Imagine walking into a dealership and driving out in a Tesla for the price of a bag of chips. That’s basically the deal the U.S. government just scored.
The General Services Administration (aka the feds’ central purchasing arm) just locked in a wild deal with OpenAI, allowing every participating agency get ChatGPT Enterprise for just $1—for the whole year.
Not a typo. Literally one dollar.
And that’s not all. OpenAI’s loading the trunk with:
60 days of unlimited access to their top-tier models.
A full training package so federal employees actually know what they’re doing
A dedicated community hub where all the AI-curious civil servants can geek out together
Now, keep in mind—Just a day before, Google and Anthropic were also added to the government-approved vendor list. But hey—nobody’s matching this kind of energy. Not yet, anyway.
Basically, OpenAI’s showing up with snacks, vibes, and extra credit—while the others haven’t even RSVP’d.
Now let’s talk about security.
Federal agencies are dead serious about protecting their data—nobody wants sensitive government info sneaking into a model’s training set. So word is, the GSA is taking a “security-first” approach to keep everything locked down.
Whether OpenAI’s solution ends up being on-prem, private cloud, or something else? Still TBD. But everyone’s watching closely.
Also worth noting: this all comes right after Trump dropped his AI executive order banning so-called “woke AI” and requiring “ideological neutrality” in federal contracts. OpenAI hasn’t said how it’s planning to navigate that minefield. But best believe— we’re watching.
Meanwhile, over at Google HQ…
They’re going for your brain. More specifically: how you learn.
Google just rolled out a new Gemini feature called Guided Learning, and it’s giving full AI tutor with infinite patience vibes. It breaks things down step-by-step, drops in diagrams and quizzes, shows YouTube videos—it’s basically the study buddy we all wish we had.
And yep, this comes right after OpenAI’s Study Mode dropped. So clearly?

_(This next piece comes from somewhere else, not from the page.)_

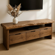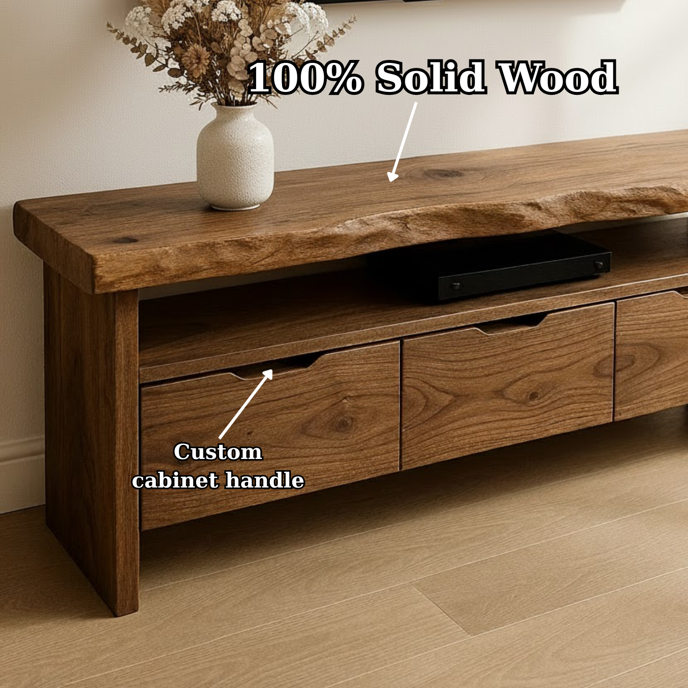 Handcrafted Solid Wood TV Stand with Live Edge Walnut Top and 3 Drawers

Everyone’s trying to clean up AI’s “homework cheater” rep and rebrand these tools as actual learning companions.
To sweeten the deal, Google’s also giving students in five countries—including the U.S., Japan, Indonesia, Korea, and Brazil—a full year of AI Pro access for free.

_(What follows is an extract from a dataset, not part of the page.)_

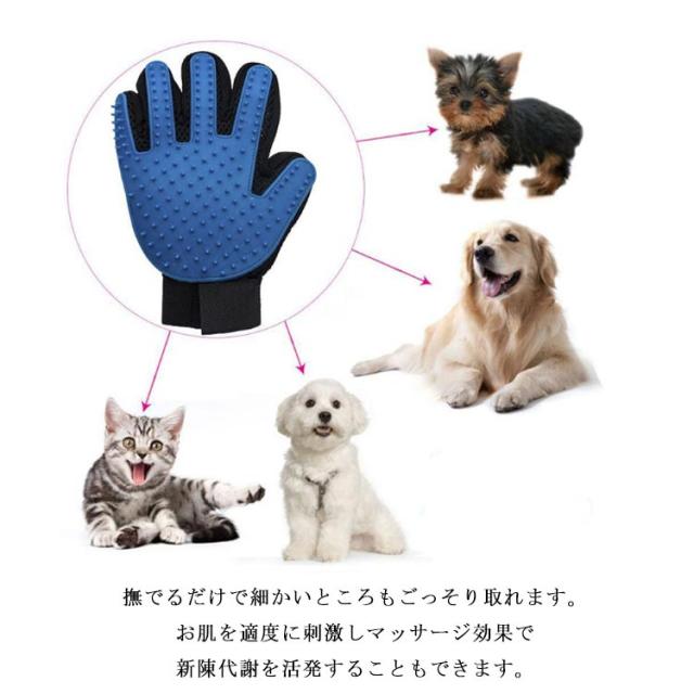 | [多用]犬と猫など毛があるペットに使えるマッサージブラシです。柔らかくて通気性が抜群なグローブは小型から大型までのペットに適用します。 「毛取り便利」抜け毛の取りは便利です。ブラッシングやマッサージや入浴グルーミング、また、カーペット掃除などの方面にご使用することができます。 「特別なデザイン」五指型デザインのブラシ表面に多くのシリコンの突起がありますので、より深く、隠れた毛まで届きます。 撫でるだけで細かいところもごっそり取れます。お肌を適度に刺激しマッサージ効果で新陳代謝を活発することもできます。 そして、リストバンド調節可能で、誰でも手のひらにぴったりフィットできます。使い後、グローブに付着した毛は簡単に取り除けます。 | |

That means: Gemini 2.5 Pro. NotebookLM. Deep Research. VEO 3. All of it. For $0.
So what’s the real play here?
Simple: OpenAI’s not selling software. It’s buying trust—and quietly becoming the go-to infrastructure inside government.
At the same time, Google’s locking in Gen Z loyalty.
In short: The race isn’t about who has the coolest chatbot anymore. It’s about who gets there first, who earns the trust, who gets embedded in the way people work, learn, and live.
And right now? OpenAI is shaking hands in Washington. Google’s pulling up with flashcards. Anthropic’s… well who knows what they’re cooking up.